Robert Ross, CEO of the $3.4-billion California Endowment, led a session named (without a hint of irony) "Is Childhood Obesity the Next Tobacco?" that boasted some of the convention's most heated rhetoric. Ross asked: "Do we go out for all out holy war against industry from day one?" Answering his own question, he later declared that "the most prolific weapons of mass destruction in this country are a cheeseburger and a soda."

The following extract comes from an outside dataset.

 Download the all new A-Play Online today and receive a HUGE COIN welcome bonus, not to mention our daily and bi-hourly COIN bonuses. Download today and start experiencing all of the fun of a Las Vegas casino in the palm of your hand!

What would the world look like if decision-makers listened to these nannycrats? Public Health Institute lawyer Edward Bolen provided a glimpse of their Utopia, promoting very specific policy ideas. He called for tobacco-style restrictions on food, including price controls; minimum age requirements to buy certain foods (Does a bag of chips really need to be rated "R"?); zoning limits on the number, density, and location of fast-food restaurants and convenience stores; and even outright product bans. "Any sort of interaction you can put between [a] consumer and the product is going to cut the use," Bolen noted.

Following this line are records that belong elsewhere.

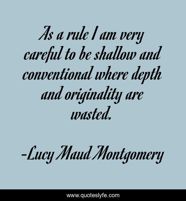 This page presents the quote "As a rule I am very careful to be shallow and conventional where depth and originality are wasted.". Author of this quote is Lucy Maud Montgomery. .
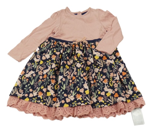 Nové - tmavomodro-pudrové šaty so zajačikmi a kvietkami a volánikom s madeirou PRIMARK
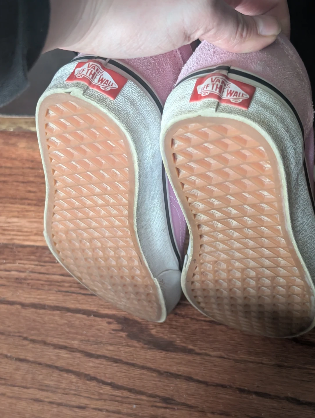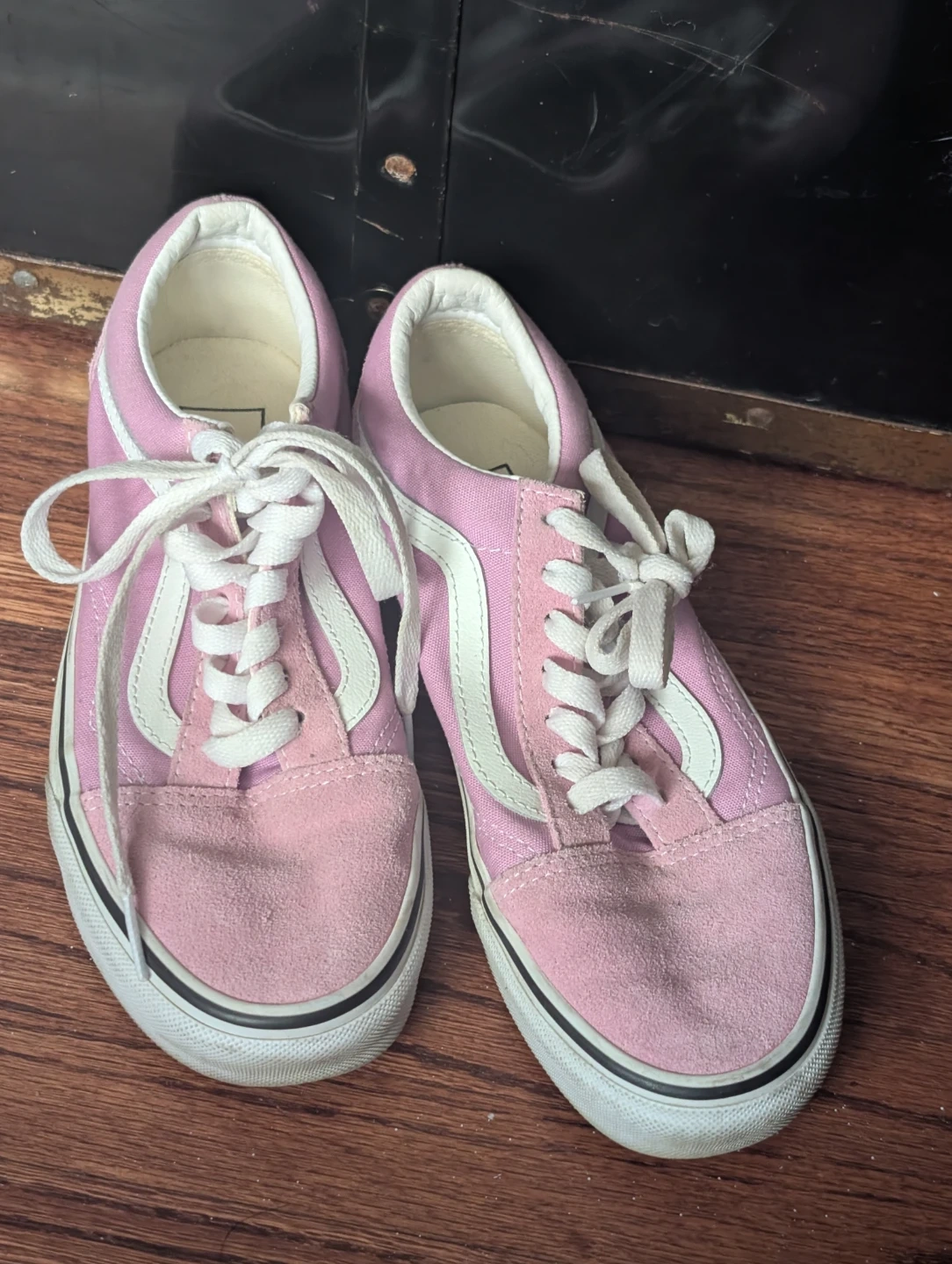 These are pink Vans Old Skool sneakers with suede and canvas uppers. They're a women's size 6.5 (US). Features the classic Vans side stripe and waffle sole.
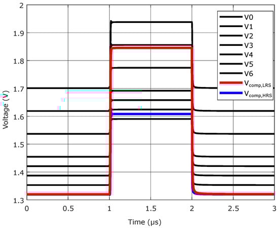 In Figure 9 the simulated voltages inside the read circuit during a read operation are shown. Here, a pulse width of 1 was chosen. The pulse width has an influence on the necessary switching voltage as well as cell variability [19]. A pulse width of 1 is a compromise between programming speed and the necessary pulse height for programming. The voltages V0 to V6 are the systematically raised voltages of in Figure 7a, which are applied at the negative inputs of the comparators. The red line shows for a measurement of a cell in LRS, while the blue line represents for a HRS cell. It can be observed that is significantly lower, since the cell current and therefore the voltage drop over the measurement resistor and is lower. The voltage conditions for the HRS cell will lead to a thermometer code of 0000001, since is greater than the first raised voltage in the resistor tree. This results in a read value of 001 in binary. For the measurement of a LRS cell, the lower cell resistance generates a higher and more comparators are switching. The thermometer code at the output is 0011111 or 101 in binary.
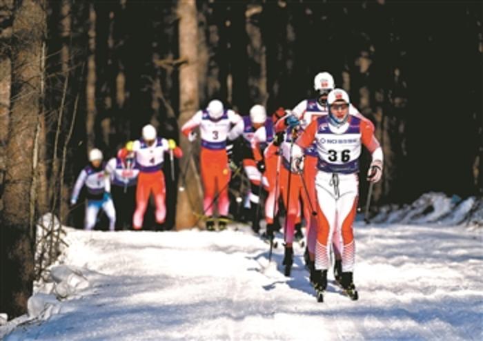 12月29日,参加第19届中国长春净月潭瓦萨国际越野滑雪赛的选手在比赛中。

Shrewd stuff indeed. But don't expect these activists to be honest while they remake American cuisine. Imagining a world where 7-11 stores would have to move high-calorie snacks behind the counter (presumably next to the cigarettes and porn magazines), Bolen mused, "You can probably rationalize it as cutting down on shoplifting."

Driving extra miles for a burger, showing your license to buy a Snickers, paying $10 for a soda (outside the movie theater)—this still isn't enough. Public health activists are hinting at their preference for completely abolishing some distinctly American foods we all love. CSPI's Wootan noted—as if it were a bad thing—that "Eating out is more affordable; it's very convenient." Arguing that companies should be forced to stop marketing certain foods, Kelly Brownell added that the food industry "cannot be let off the hook for all the unhealthy products they're still promoting."

Luckily, my presence at the APHA conference wasn't noticed until its penultimate day; I was able to record a good deal of the goings-on before then. And in many cases, my camera was the only one rolling. The mass media showed remarkably little interest in a meeting attended by thousands of professionals who influence policy at every level of government, and whose endgame looks a lot like circa-1982 Soviet supermarkets. Why? Because many journalists agree with the activists. And a few high-profile broadcasters have already drunk the proverbial Kool-Aid (sugar-free, of course). A recent Peter Jennings ABC special, How to get fat without really trying, implied just with its title that our weight is not our fault. Which should really motivate the channel-surfer on the couch eating another bag of Doritos.

People laughed a few years ago when The Onion ran a spoof titled "Hershey's Ordered To Pay Obese Americans $135 Billion." It was obviously silly to think that society would deem chocoholics blameless for their own overindulgence. But after spending a few days listening to the people staffing our nation's Public Health infrastructure, I'm not laughing anymore.